Nylas Mail (formerly N1) a new crossplatform mail client designed to be extended - bigbugbag
https://nylas.com/nylas-mail/
======
tsetair
I installed it locally.

-As soon as I clicked download I needed to create a Nylas account

-I installed the client only to have extremely limited functionality because I am a "basic user"

\- no calendar functions for a basic user

\- the syncing dialogue box, does not offer any additional information other
than syncing, traditional email clients will at least offer you a 24/268 of
emails synced in the GUI.

-Using the app on Linux Ubuntu the package was not smooth at all, kinda of jumpy.

There is no standard UX such as a menu bar, right clicking an object for
additional options. How is my team going to adapt to such a tool, if the two
most standardized UX options such as a menu bar and, a right click, for
additional options is not present?

It seems all this client offers is a glossy UX to traditional clients. From
what I understand its actual value proposition is from the Nylas API and their
cloud services, but this client is trash for any power user, and might be
useful in an entreprise or team setting with the full package installed, but
honestly. I don't understand why I wouldn't just use a traditional email
client that my team knows and future team members as well.

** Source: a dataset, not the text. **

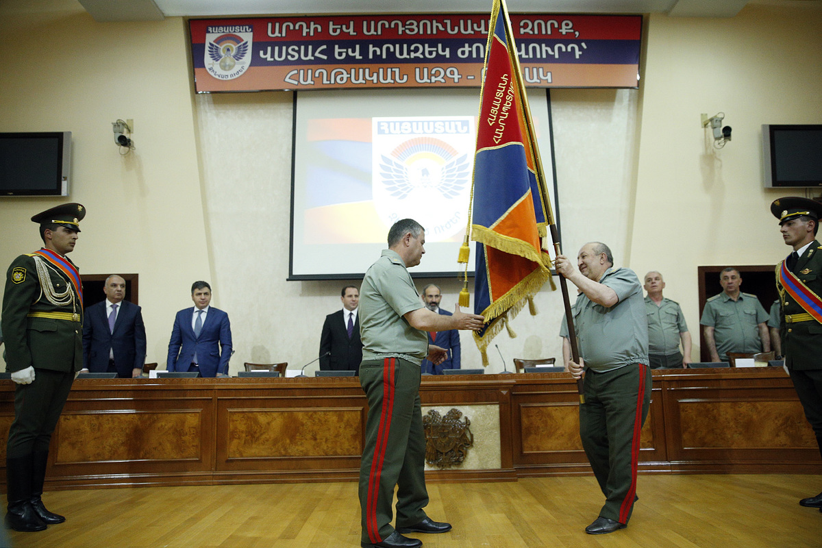 Movses Hakobyan thanked his former colleagues for joint service and cooperation. He wished every success to the newly appointed Chief of General Staff, hopeful that the traditions forged in the Armed Forces would be maintained and developed. Newly appointed Chief of General Staff Artak Davtyan thanked the Prime Minister for confidence and went on to assure that he would try to live up to the task.
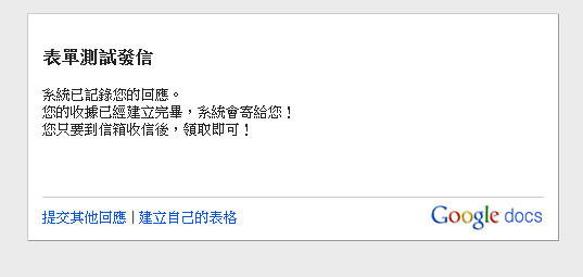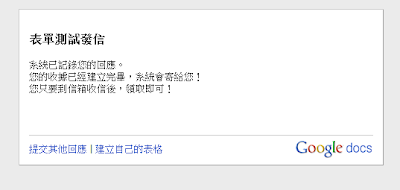 (回應訊息可在編輯表單時,右上方功能列的更多動作→編輯確認訊息 自訂)

Also the API as far as I can tell, does not offer anything unique other than
centralizing different vendors under one cloud/api. I question why a company
would be using two vendors for such critical services as email. If I am
missing something let me know as I am not understanding the value behind this
product.

------
filoleg
Can someone finally clarify whether Nylas Mail requires a Nylas account to use
Basic-tier or not?

I see comments by searching through HN, where people suggest that after the
somewhat recent change from N1 to Mail, it doesn't require a Nylas account
anymore (example:
[https://news.ycombinator.com/item?id=14017581](https://news.ycombinator.com/item?id=14017581)),
but I can't for the life of me find a way to set it up without creating an
account, since it is an unskippable step in the initial setup.

------
bonaldi
I don't understand what's happening with Nylas. They make N1 pay-for. Then
they announce a free Mail. Then they can N1, in favour of v2 of Mail, which
doesn't have the feature of N1 (esp proper Exchange support).

There's pivoting and then there's flailing.